I have been retired for about seven years now and I cannot believe just how quickly the time has gone.  I was lucky to have been working with someone who is just a year older than me and, since our work lives came to an end, we have kept in touch by telephoning each other at least every other day, and comparing notes has made the process a bit easier for both of us to cope with.

 

Throughout my adult life, I have also always been very close to one of my cousins who is about six years older than me.  She started off really looking forward to all that free time and then realised that she had never been busier than in retirement as she found so many things to do, but she became ill to the point that, by the time I retired five years later, she was having difficulty leaving the house without help.  She has a very attentive husband, though she would often tell me that she would have to tell him to get on with his life and not spend all of it looking after her.
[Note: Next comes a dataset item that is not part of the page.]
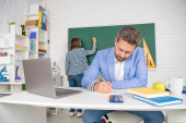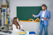 Zespół szkolny. student i korepetytor z laptopem. zdać egzamin. Pokój nauczycielski. studentka z nauczycielem na tablicy. Korepetytorka. starszy nauczyciel i kobieta na lekcjach szkolnych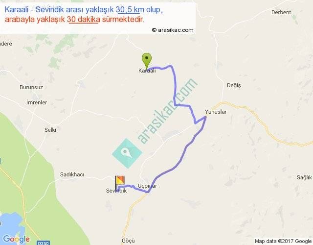 Karaali - Sevindik arası yaklaşık olarak 90 km/h ile yukarıda belirtilen sürede olup, iki yerin kuş uçuşu uzaklığı (mesafesi) 15'dir. Yolculuk otobüsle 39 dakika sürmektedir.

I can tell that it works because even when we chat for so long that there is no time for me to have a quick chat with him, she never fails to bring me up to date with how his latest project is going, as well as hers.

 

She always argues that while circumstances have limited where she can go, there is still lots for her to do.  Now, some twelve years on, she continues to enjoy getting involved with her creative hobbies, talking to her friends and insists on not spending all her time being cared for by her husband while doing many things she has found that she can still do.  She says that she knows that he thinks he should always be there because he cares and loves her so much and sometime she has, with the best will in the world, thrown him out to get on with his own pursuits.  She insists that her independence gives her and her husband something new to tell each other at the end of each day. 

 

My workmate, on the other hand, has a partner, Karen, whose legs are also her problem, and over the past three or four years I have noticed that whenever we talk and I ask him ‘what are you going to do tomorrow?’, his next sentence always starts with ‘Karen says…’ after which what he is going to do always depends on what his partner has decided.  It is as if she always needs her husband to be there for her whatever she is doing and there is also something else that is very evident.  In the past three or so years I have listened to my friend gradually become disenchanted with life and I can hear his dream of renovating a classic car and having the perfect garden are not really getting any closer to becoming reality.  I am also aware of the added frustration and, every now and then, an air of resentment that is now mixed with his sense of obligation as a carer.

 

I have spent my conversations with my two friends working something out.  Both of the ladies in question have mobility problems, but from my perspective I can see one who is determined to maximise her independence while the other is letting go of hers without even realising the effect it is having on her other half.

 

I also enjoy a chat with my friend’s wife from time to time and I would love to tell her how I feel but I fear that I might make things worse.  If I could, my message is simple and directed to those who are now beginning to find themselves physically more dependent on their nearest and dearest.  I have no idea what it is like to discover that you are slowly becoming in need of more help to get you through the day, but I know, from observing my friends, that the chances are that there will be a time when you have no choice but to need so much more of someone else’s time to just get through the day, but please be determined and make sure that that time is as far off as possible for the sake of the one who will become your carer.  Encourage them to do some of what they want to do and remember that your other half needs to be cared for too.